Toni Choueiri: I think there's always room. I see when I was a fellow in Cleveland. And at that time, my mentor, Ron Bukowski, who's retired, we're working on sorafenib and how we went and how we have new targets, new ways focused on rare variant histologies, two major grant, SPOREs, a Department of Defense focused on kidney cancer. I think kidney cancer is more and more exciting, more junior colleagues joining the battle against kidney cancer, more postdocs.

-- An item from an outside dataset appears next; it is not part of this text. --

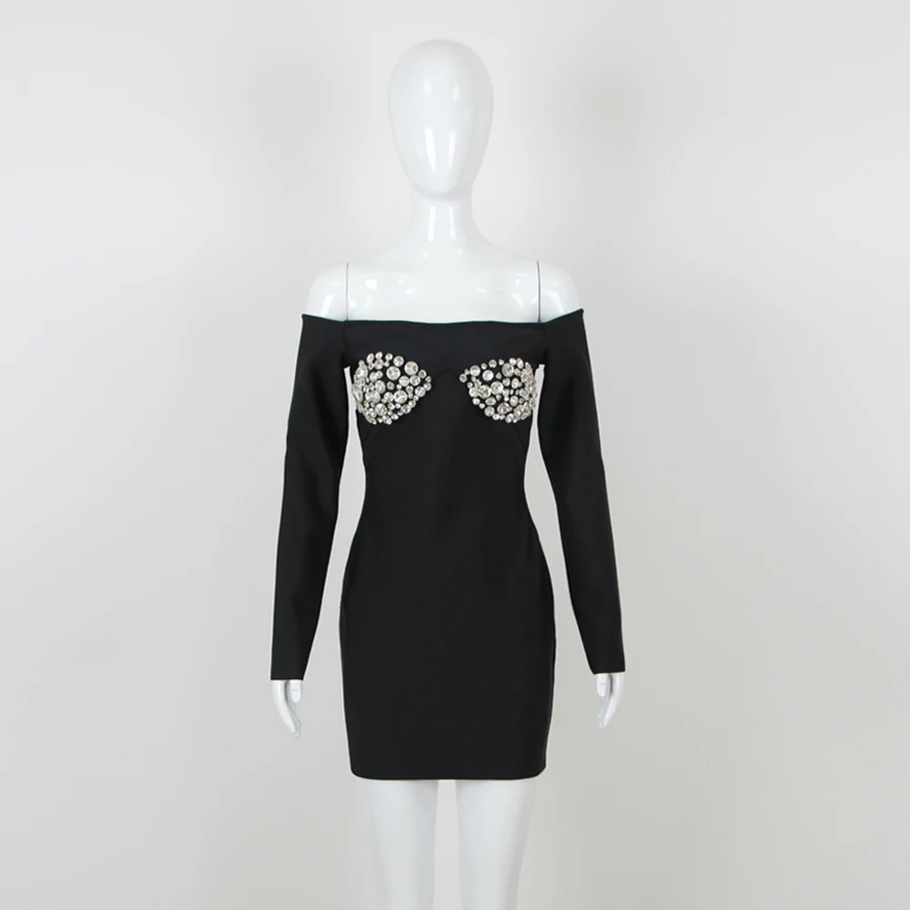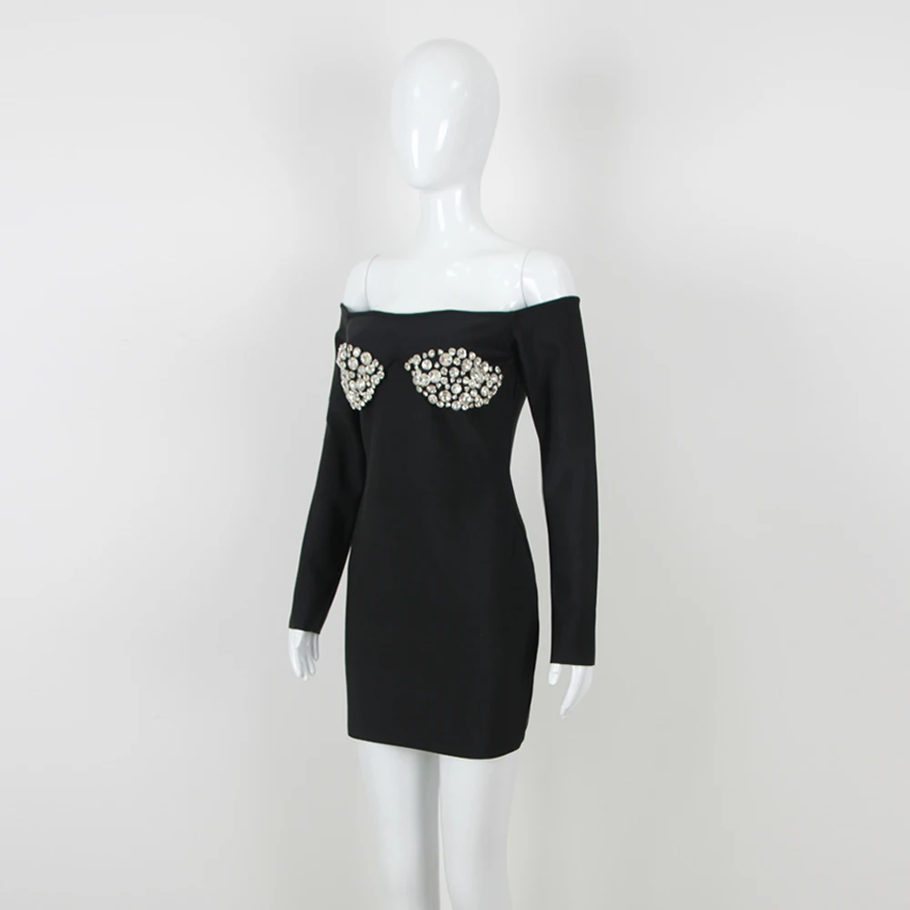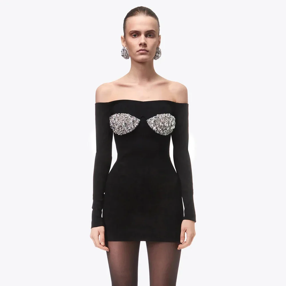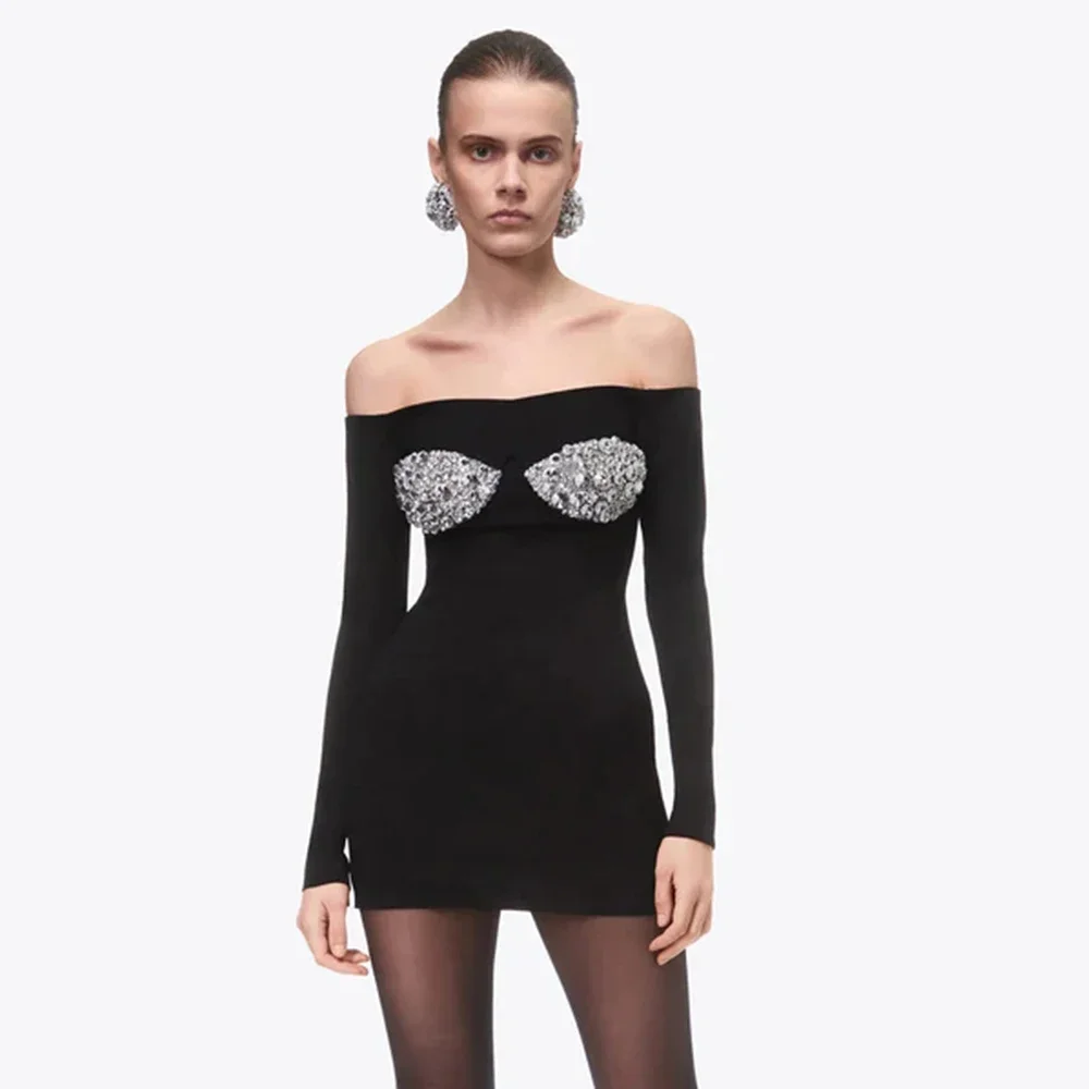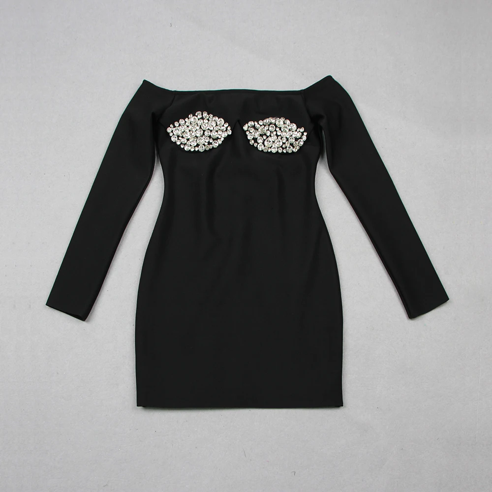 New Luxury Beaded Diamond Off Shoulder Long Sleeve Party Dress Bodycon Bandage Black Mini Dress

This is still a disease, Dr. Morgans, that kills 15,000 people in the United States alone. So we have to do better. I think they will be more focused on early-stage disease, but as we've seen in ASCO 2020, it's still very, very vibrant. I think we have an update on major Phase III trials. We have questions about sequences that they didn't pan out like we wanted, but we have answers now.
And I think I like the focus. I didn't bring it up in it, about non-clear cell and rare variant histology. We brought it with SAVOIR, but there are a couple of abstracts with other combinations. And with the new drug, which is a HEF-2 inhibitor work in part based on the Nobel Prize in October, 2019, that showed that inhibiting HEF-2 is a small molecule, not just in clear cell RCC, which was what's reported at the previous ASCO meeting, but also in VHL syndrome with clear cell RCC is a powerful strategy that results in responses and alters the natural history of the disease. A very exciting time for kidney cancer, and GU cancers, in general, obviously I'm very biased to think it's the best field go to, but it is. And thank you, UroToday, for always providing some of the best updates in the field.
Alicia Morgans: Wonderful. Well, thank you for your compliments. Thank you for sharing your insights and we'll have to focus, I think, in another recording on the non-clear cell rare variants. Because I agree with you, they were highlighted at ASCO this year and really do deserve attention as we're putting these patients into buckets and really trying to address them by risk strategy and also by their histology. So thank you so much for your time. Thank you to all the patients who, as you mentioned, have participated in these trials. And thank you again.
Toni Choueiri: Thank you, Alicia. Take care. Bye.